--- DIRECTIONS FOR THIS TASK ---
Retype the following data exactly, but leave its pictures out.

--- COLLECTED DATA ---
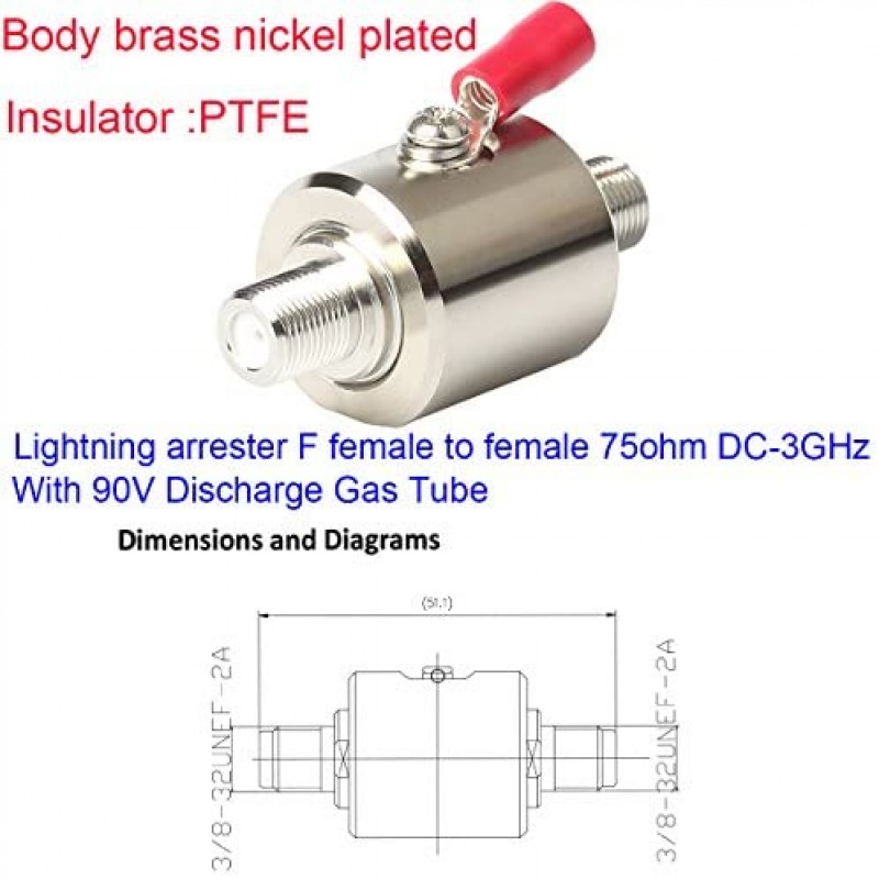 • 1.Lightning arrestor,with F-female Connectors 75 ohm in two side, Similar to 859992 75 Ohm Lightning Surge Protector,Protects signal boosters from lightning strikes, Requires additional ground cable
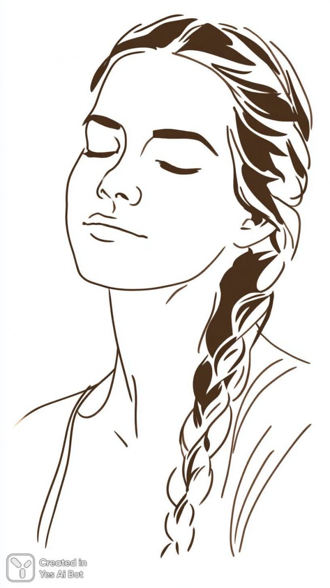 Изящный портрет женщины в стиле минимализма, выполненный тонкой линией на контрастном черно-белом фоне. Лицо, обрамленное длинными косичками, выражает умиротворение и спокойствие. Закрытые глаза и слегка приоткрытые губы создают ощущение нежности и безмятежности. Простой силуэт платья подчеркивает чистоту линий и акцентирует внимание на лице. Рисунок выполнен в технике тушевой графикой, демонстрируя мастерство художника в передаче эмоций и настроения посредством простых штрихов. Композиция отличается лаконичностью и гармонией, отражая стремление к минимализму и простоте форм. Этот монохромный эскиз излучает атмосферу внутренней тишины и покоя, приглашая зрителя погрузиться в созерцание красоты момента. Использование только линий придает работе особую легкость и воздушность, делая ее визуально привлекательной и запоминающейся. В этом рисунке заключена глубина чувств и утонченность восприятия, что делает его настоящим произведением искусства, способным вызвать сильный эмоциональный отклик
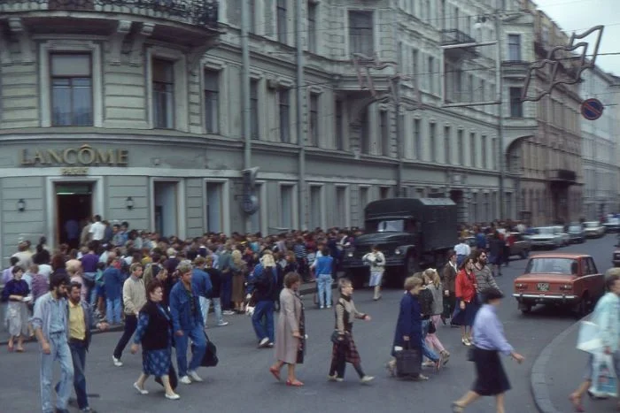 13. Очередь в фирменный магазин Lancôme в Ленинграде, 1991 год
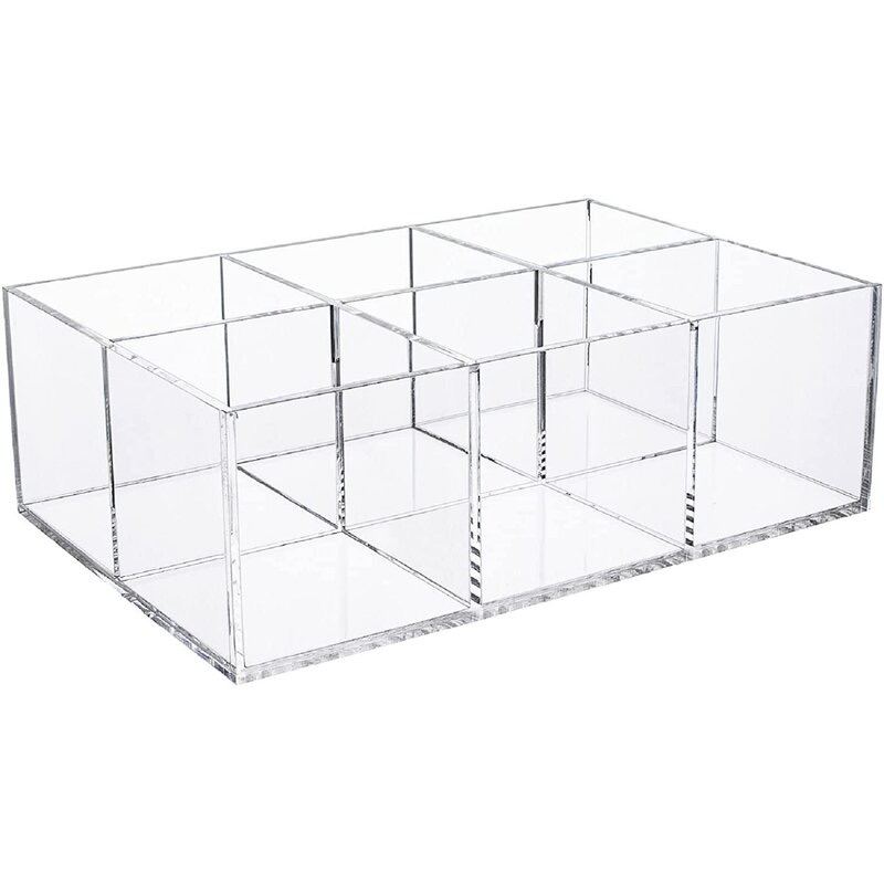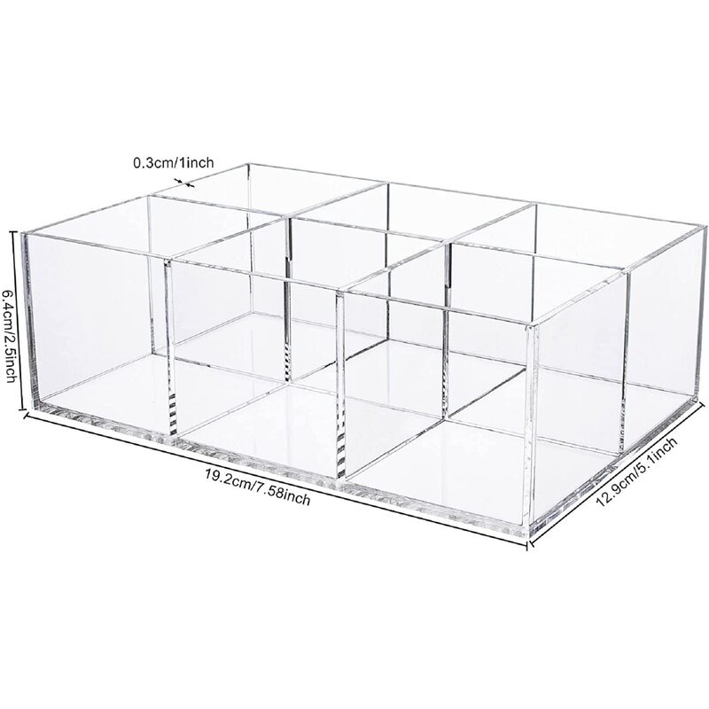 FANASSYY Clear Acrylic Bathroom & Vanity Drawer Organizer – 6-Compartment Makeup Brush Holder, Stationery Storage for Desk, Pen & Pencil Holder | Compact Storage Bin

--- RESULT OF THE EXERCISE ---
 • 1.Lightning arrestor,with F-female Connectors 75 ohm in two side, Similar to 859992 75 Ohm Lightning Surge Protector,Protects signal boosters from lightning strikes, Requires additional ground cable
 Изящный портрет женщины в стиле минимализма, выполненный тонкой линией на контрастном черно-белом фоне. Лицо, обрамленное длинными косичками, выражает умиротворение и спокойствие. Закрытые глаза и слегка приоткрытые губы создают ощущение нежности и безмятежности. Простой силуэт платья подчеркивает чистоту линий и акцентирует внимание на лице. Рисунок выполнен в технике тушевой графикой, демонстрируя мастерство художника в передаче эмоций и настроения посредством простых штрихов. Композиция отличается лаконичностью и гармонией, отражая стремление к минимализму и простоте форм. Этот монохромный эскиз излучает атмосферу внутренней тишины и покоя, приглашая зрителя погрузиться в созерцание красоты момента. Использование только линий придает работе особую легкость и воздушность, делая ее визуально привлекательной и запоминающейся. В этом рисунке заключена глубина чувств и утонченность восприятия, что делает его настоящим произведением искусства, способным вызвать сильный эмоциональный отклик
 13. Очередь в фирменный магазин Lancôme в Ленинграде, 1991 год
 FANASSYY Clear Acrylic Bathroom & Vanity Drawer Organizer – 6-Compartment Makeup Brush Holder, Stationery Storage for Desk, Pen & Pencil Holder | Compact Storage Bin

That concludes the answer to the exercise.